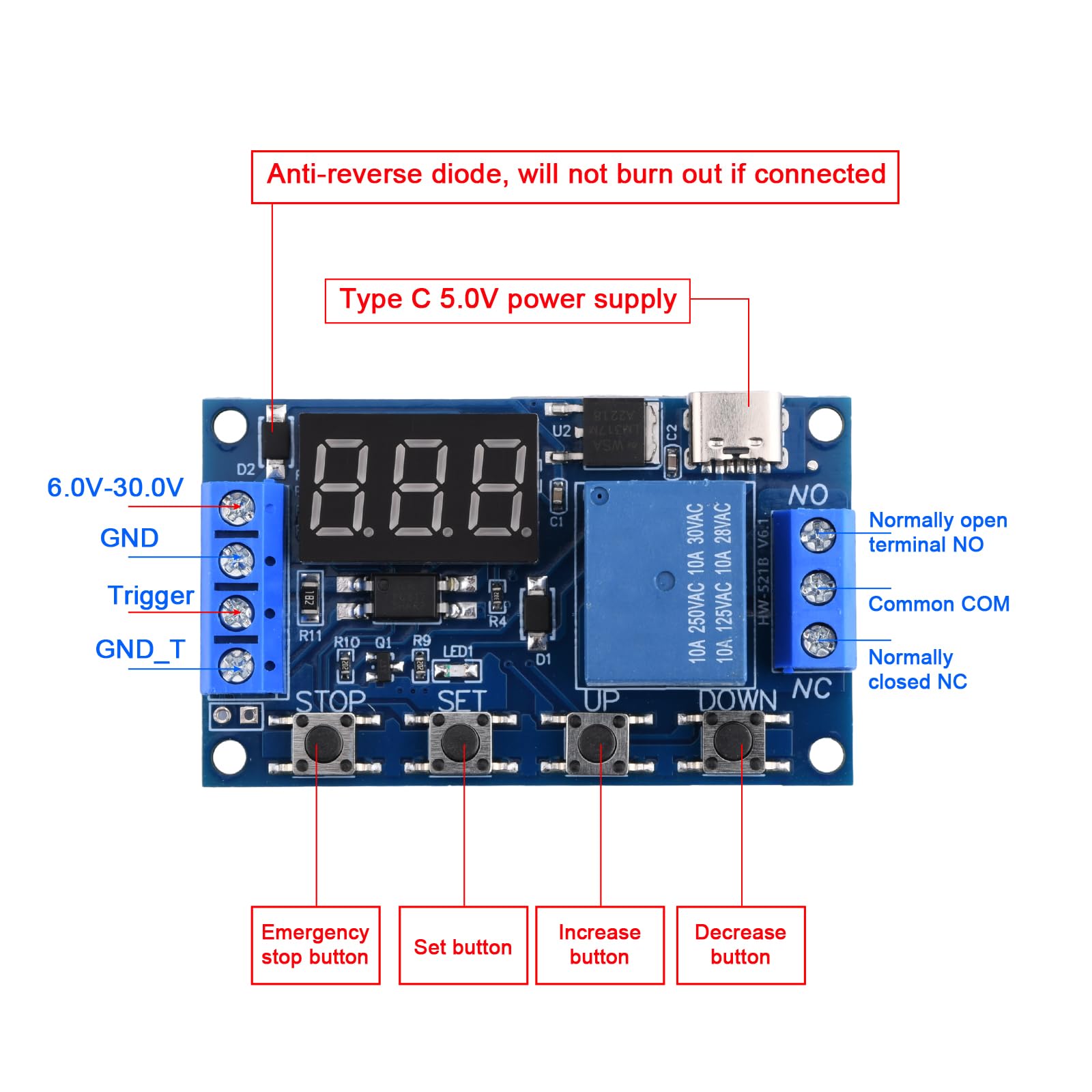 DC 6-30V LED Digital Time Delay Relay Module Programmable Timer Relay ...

* * *

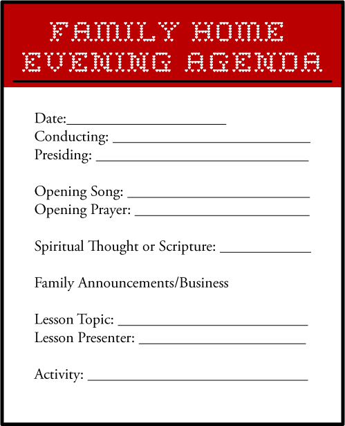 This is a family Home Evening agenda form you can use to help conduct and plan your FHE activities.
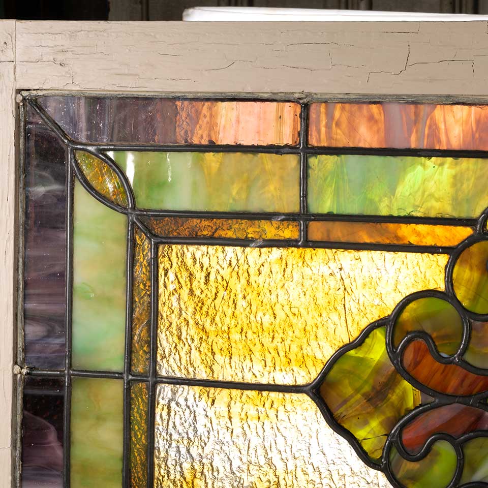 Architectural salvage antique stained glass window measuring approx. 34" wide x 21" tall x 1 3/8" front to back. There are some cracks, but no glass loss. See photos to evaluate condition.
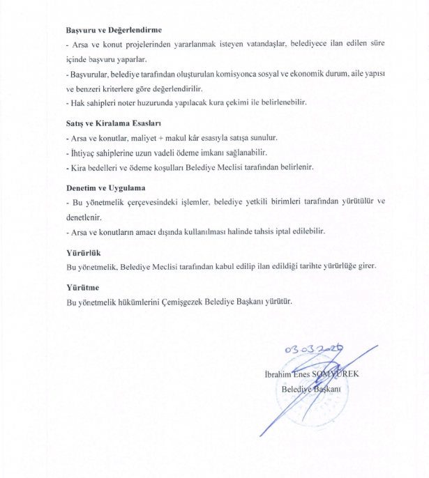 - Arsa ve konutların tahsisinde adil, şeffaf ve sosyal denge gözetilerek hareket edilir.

**Problem requirements:**
Write out exactly the lines above between the one with "Architectural salvage antique" and the one with "- Arsa ve konutların", inclusive, with pictures left out.

**Solution to this exercise:**
 Architectural salvage antique stained glass window measuring approx. 34" wide x 21" tall x 1 3/8" front to back. There are some cracks, but no glass loss. See photos to evaluate condition.
 - Arsa ve konutların tahsisinde adil, şeffaf ve sosyal denge gözetilerek hareket edilir.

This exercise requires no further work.